Problem to work on ::
Begin at the first line of the data and copy each line through the one containing "И ещё одна деталь, отличающая", that line included, with no pictures.

Records supplied ::
┌──

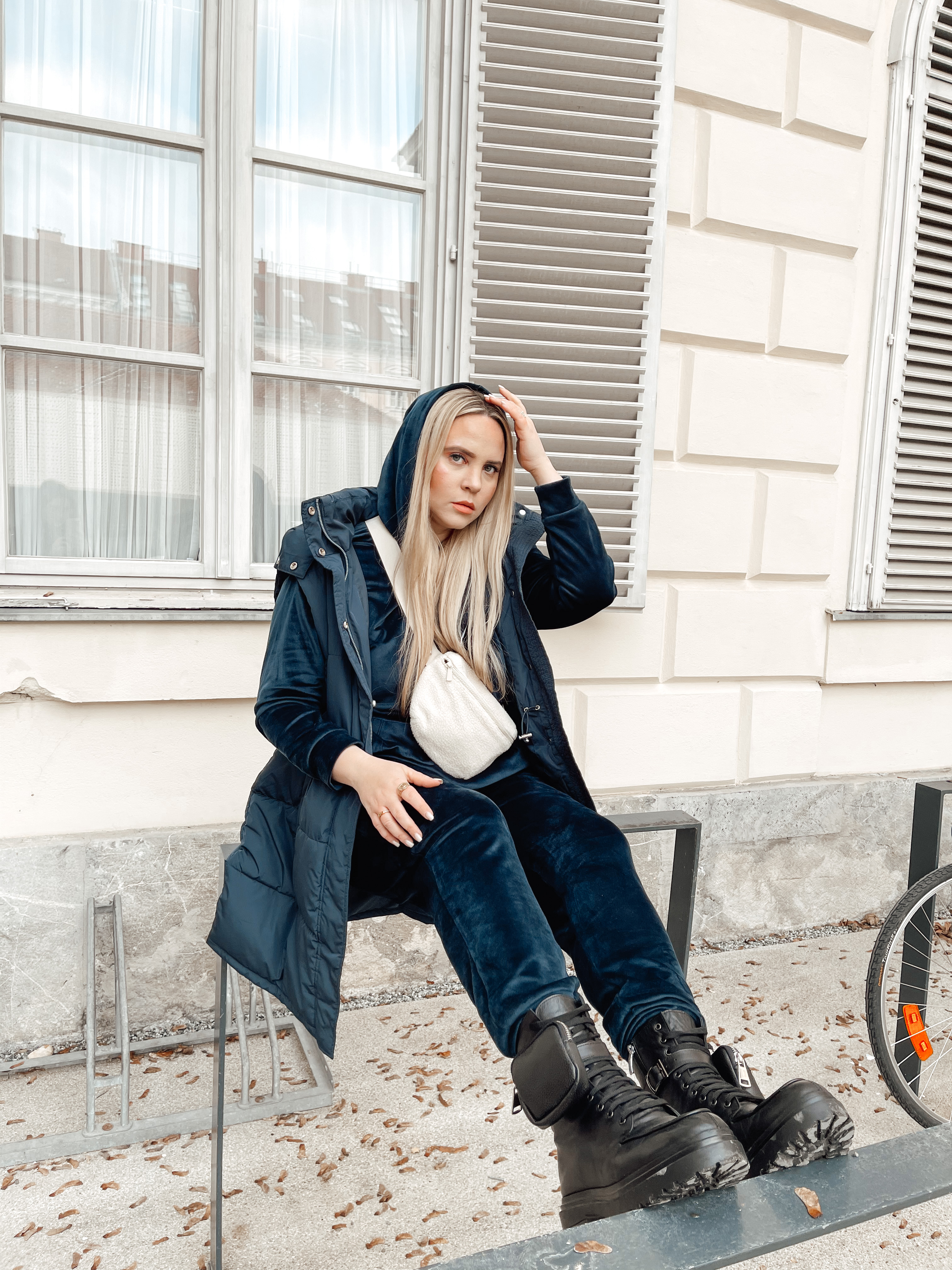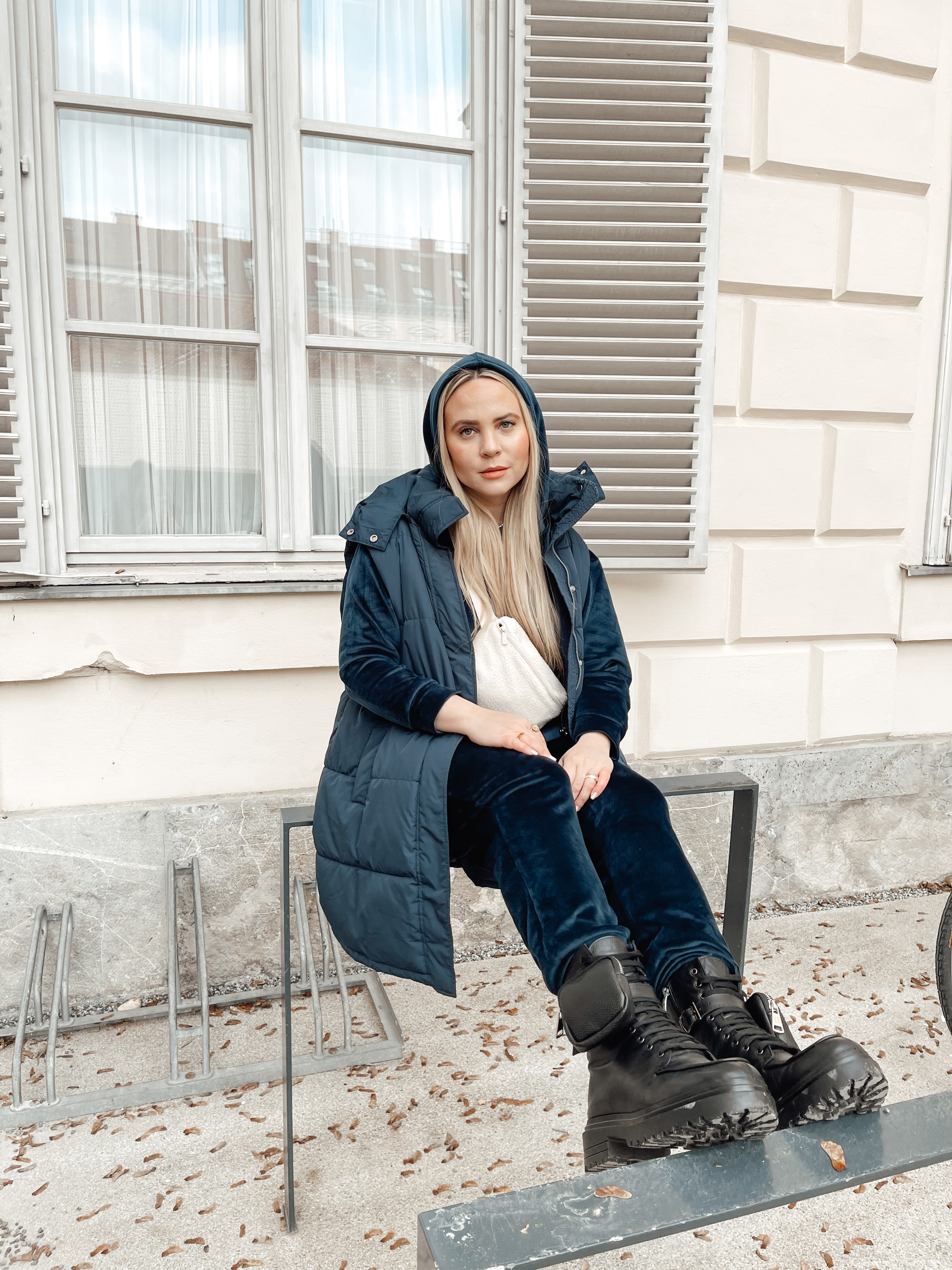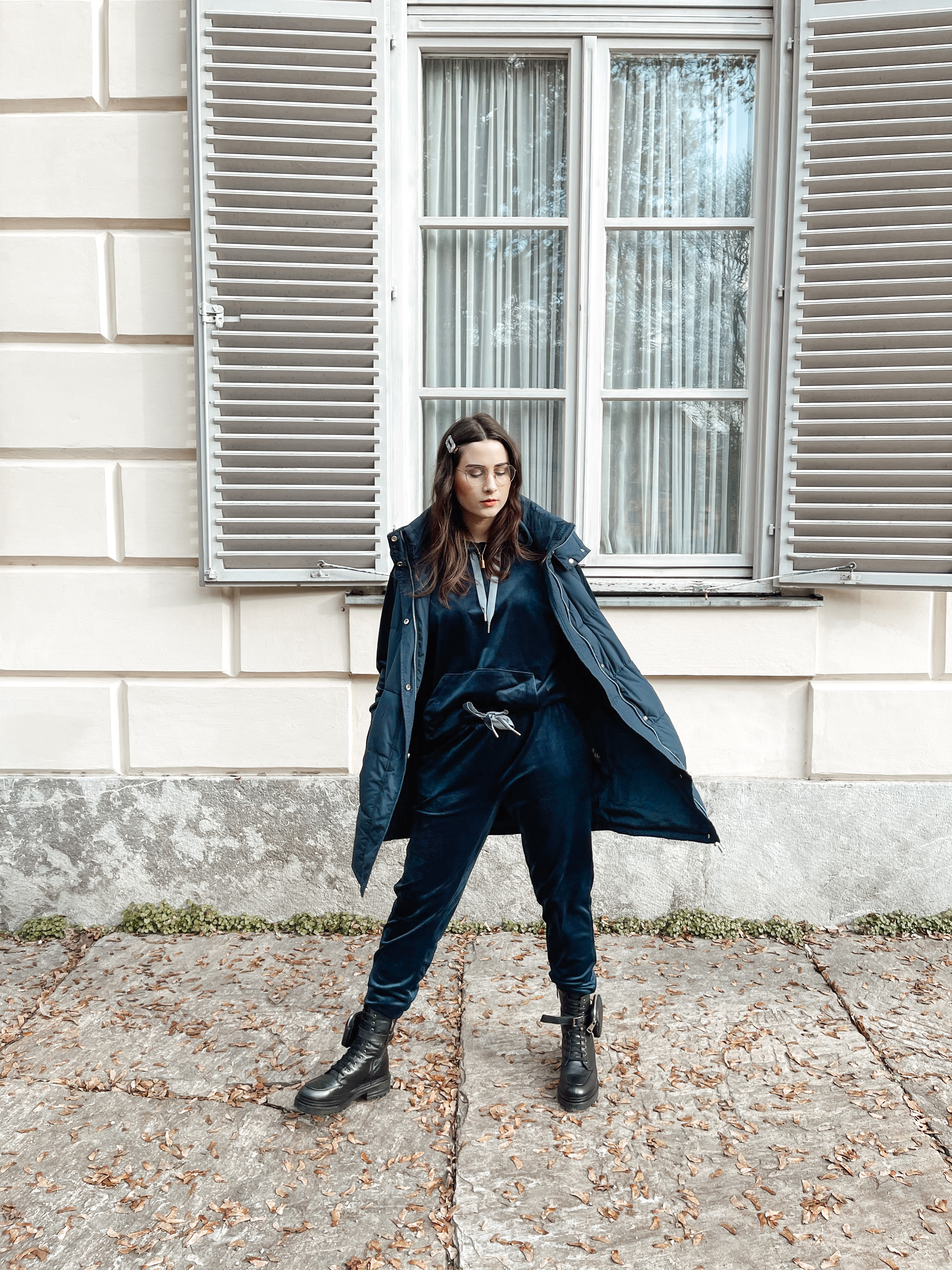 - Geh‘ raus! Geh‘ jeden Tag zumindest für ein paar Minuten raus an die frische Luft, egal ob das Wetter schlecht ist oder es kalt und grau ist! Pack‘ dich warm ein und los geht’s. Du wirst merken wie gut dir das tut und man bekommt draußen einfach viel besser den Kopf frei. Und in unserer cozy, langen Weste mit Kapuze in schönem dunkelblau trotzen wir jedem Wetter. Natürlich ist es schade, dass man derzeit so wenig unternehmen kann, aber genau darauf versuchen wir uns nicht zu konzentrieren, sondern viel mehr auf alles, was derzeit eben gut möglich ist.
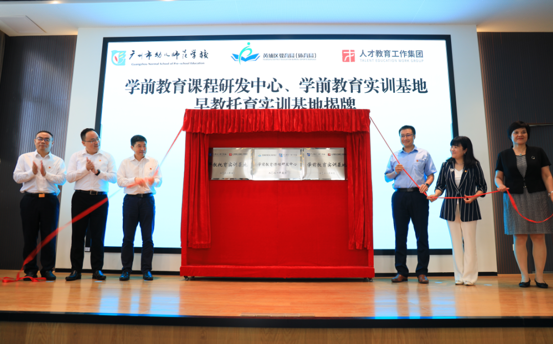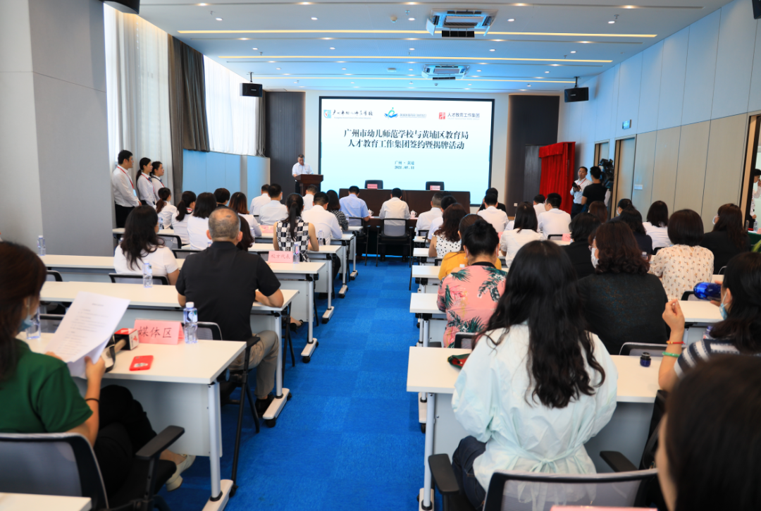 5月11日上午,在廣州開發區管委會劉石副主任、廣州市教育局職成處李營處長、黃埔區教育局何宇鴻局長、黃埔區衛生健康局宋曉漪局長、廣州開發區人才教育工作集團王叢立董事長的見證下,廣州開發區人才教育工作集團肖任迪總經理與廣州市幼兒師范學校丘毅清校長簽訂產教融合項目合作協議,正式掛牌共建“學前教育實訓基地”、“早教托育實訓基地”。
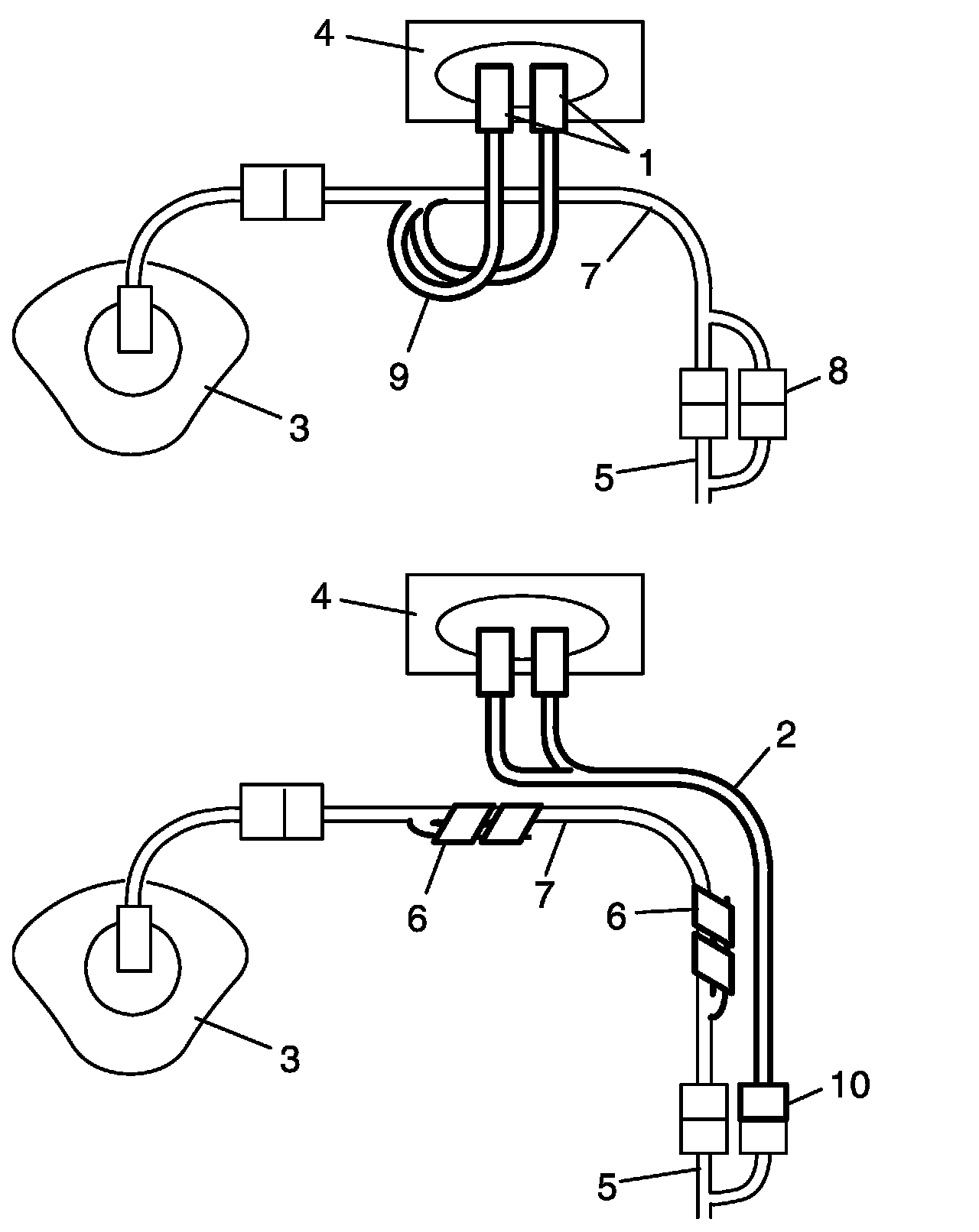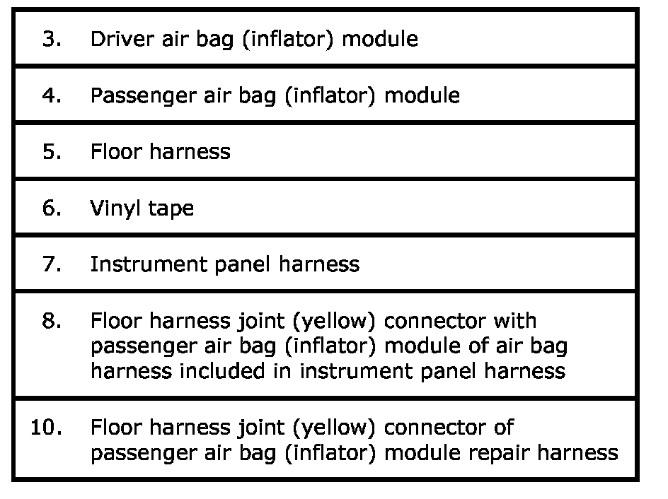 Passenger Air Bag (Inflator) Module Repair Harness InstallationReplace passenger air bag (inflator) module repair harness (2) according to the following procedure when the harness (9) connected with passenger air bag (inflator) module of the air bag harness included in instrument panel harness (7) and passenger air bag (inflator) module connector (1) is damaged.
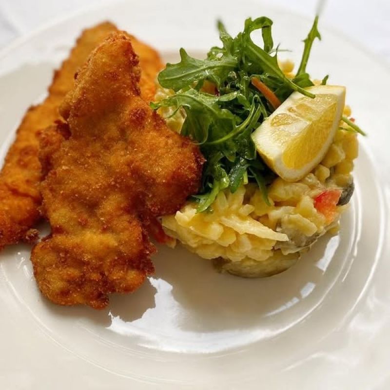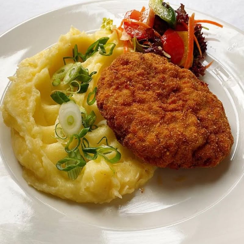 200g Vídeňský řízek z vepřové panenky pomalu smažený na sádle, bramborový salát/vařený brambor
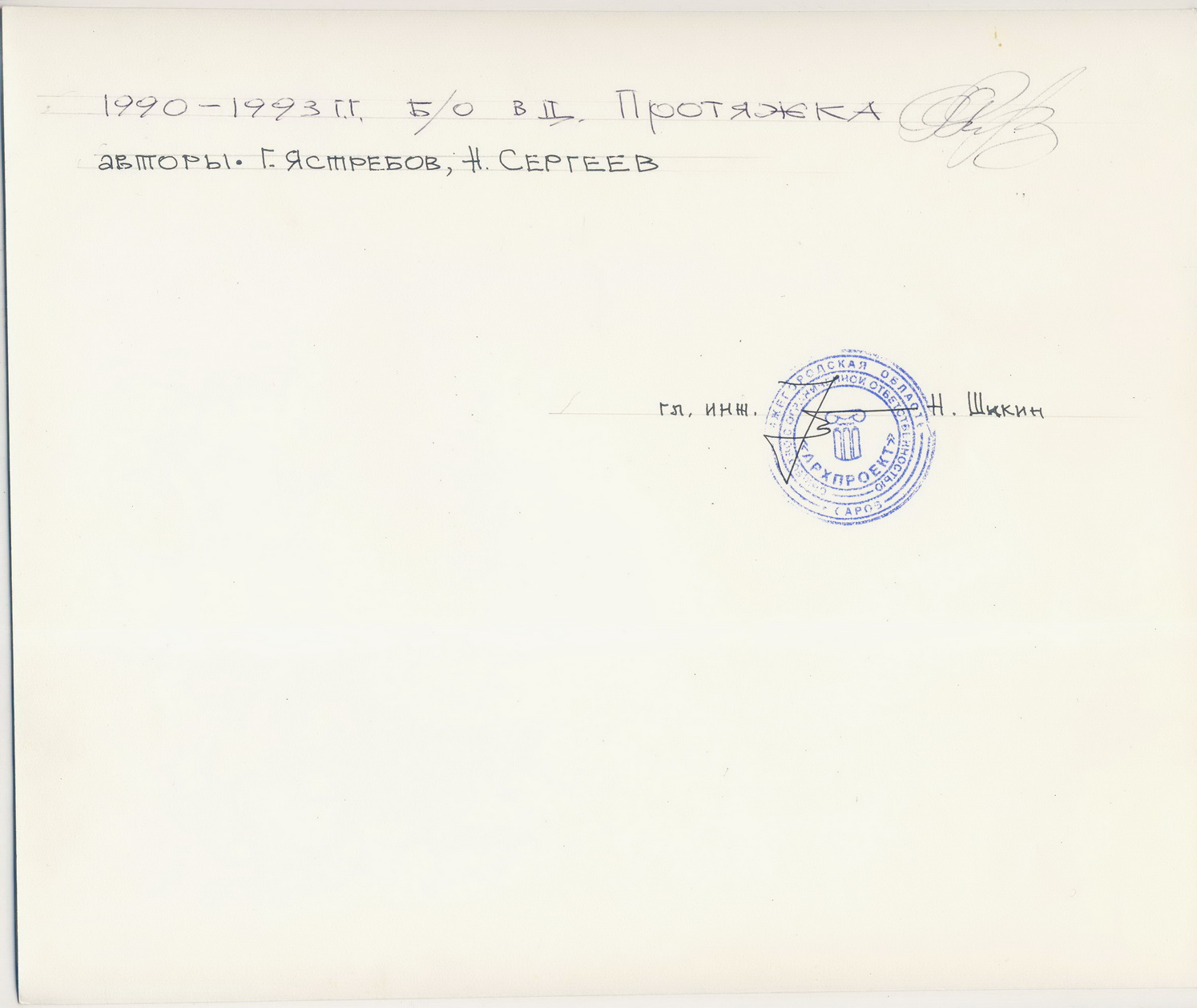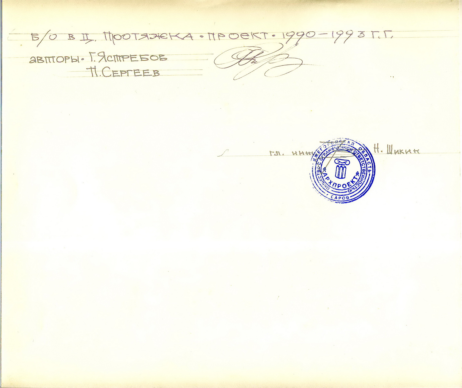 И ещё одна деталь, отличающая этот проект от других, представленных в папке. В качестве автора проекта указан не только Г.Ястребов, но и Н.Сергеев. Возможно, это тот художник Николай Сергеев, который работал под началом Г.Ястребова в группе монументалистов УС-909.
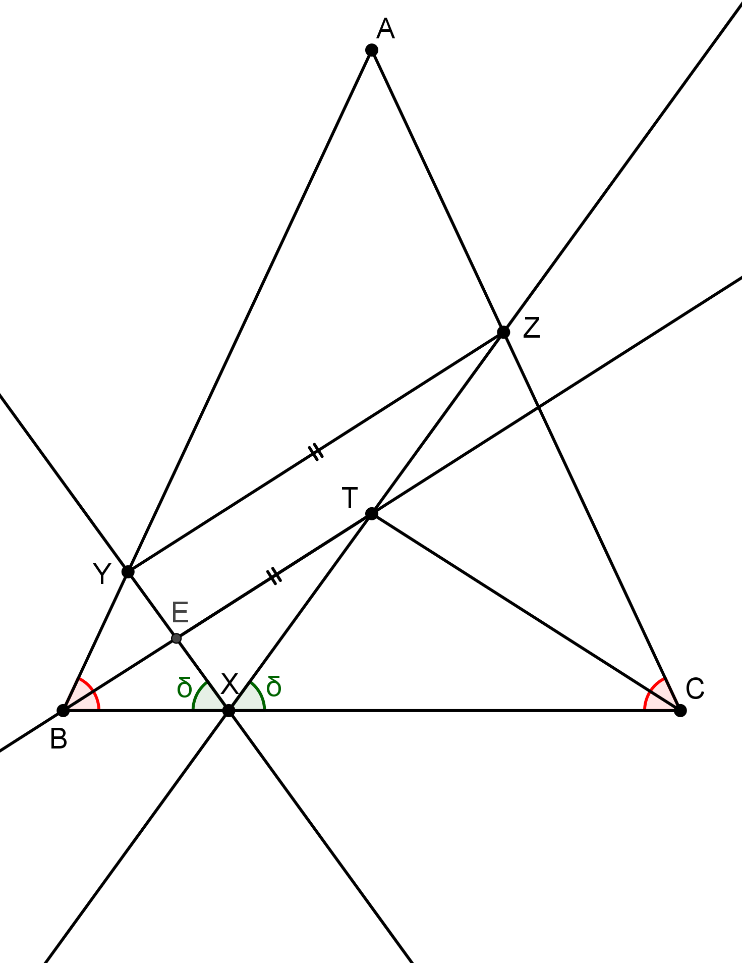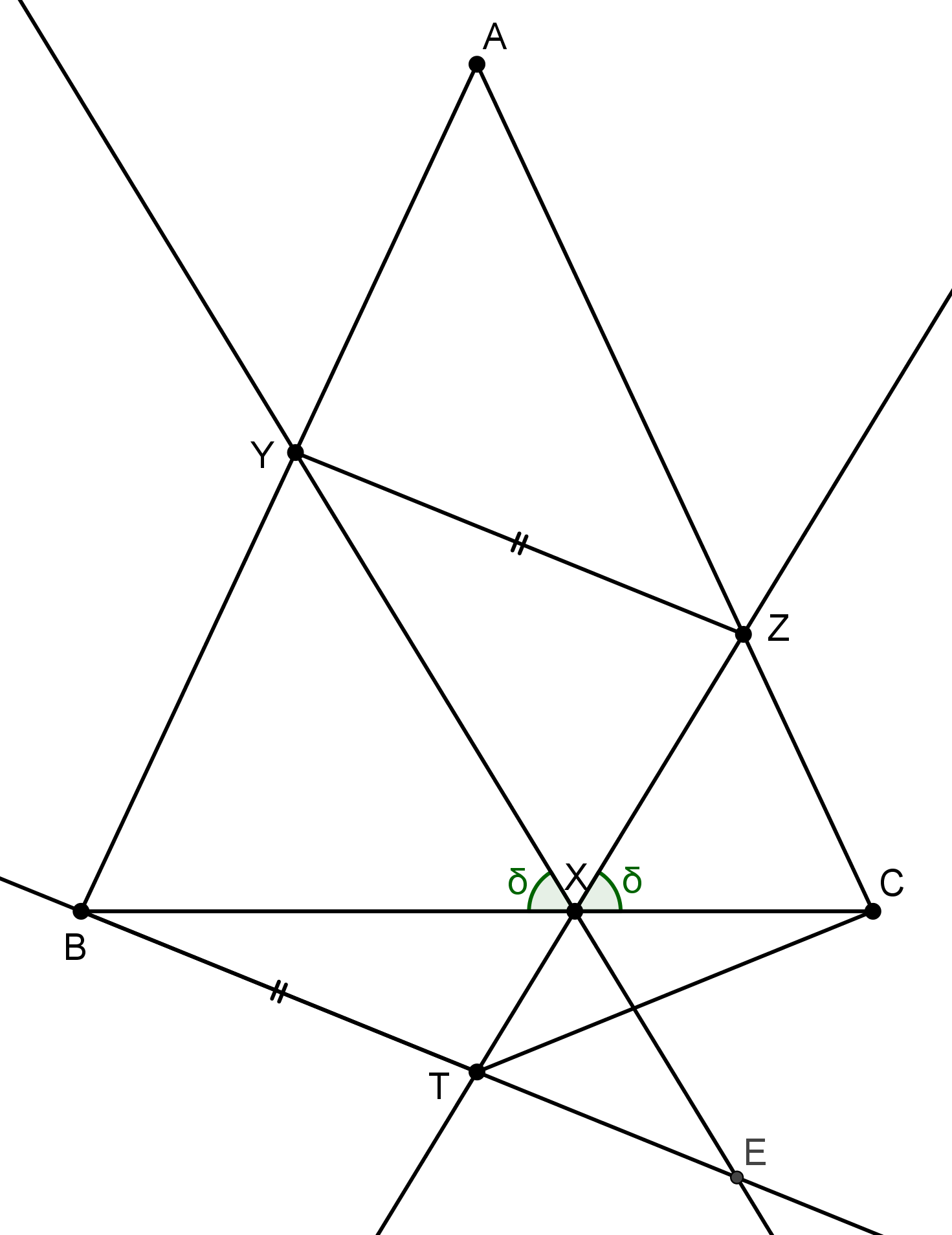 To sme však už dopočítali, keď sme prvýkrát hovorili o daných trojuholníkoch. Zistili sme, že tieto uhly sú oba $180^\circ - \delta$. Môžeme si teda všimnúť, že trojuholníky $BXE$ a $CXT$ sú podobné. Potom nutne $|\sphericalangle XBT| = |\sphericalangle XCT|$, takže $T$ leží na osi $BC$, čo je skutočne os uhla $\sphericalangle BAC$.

└──

Exercise answer ::
 - Geh‘ raus! Geh‘ jeden Tag zumindest für ein paar Minuten raus an die frische Luft, egal ob das Wetter schlecht ist oder es kalt und grau ist! Pack‘ dich warm ein und los geht’s. Du wirst merken wie gut dir das tut und man bekommt draußen einfach viel besser den Kopf frei. Und in unserer cozy, langen Weste mit Kapuze in schönem dunkelblau trotzen wir jedem Wetter. Natürlich ist es schade, dass man derzeit so wenig unternehmen kann, aber genau darauf versuchen wir uns nicht zu konzentrieren, sondern viel mehr auf alles, was derzeit eben gut möglich ist.
 5月11日上午,在廣州開發區管委會劉石副主任、廣州市教育局職成處李營處長、黃埔區教育局何宇鴻局長、黃埔區衛生健康局宋曉漪局長、廣州開發區人才教育工作集團王叢立董事長的見證下,廣州開發區人才教育工作集團肖任迪總經理與廣州市幼兒師范學校丘毅清校長簽訂產教融合項目合作協議,正式掛牌共建“學前教育實訓基地”、“早教托育實訓基地”。
 Passenger Air Bag (Inflator) Module Repair Harness InstallationReplace passenger air bag (inflator) module repair harness (2) according to the following procedure when the harness (9) connected with passenger air bag (inflator) module of the air bag harness included in instrument panel harness (7) and passenger air bag (inflator) module connector (1) is damaged.
 200g Vídeňský řízek z vepřové panenky pomalu smažený na sádle, bramborový salát/vařený brambor
 И ещё одна деталь, отличающая этот проект от других, представленных в папке. В качестве автора проекта указан не только Г.Ястребов, но и Н.Сергеев. Возможно, это тот художник Николай Сергеев, который работал под началом Г.Ястребова в группе монументалистов УС-909.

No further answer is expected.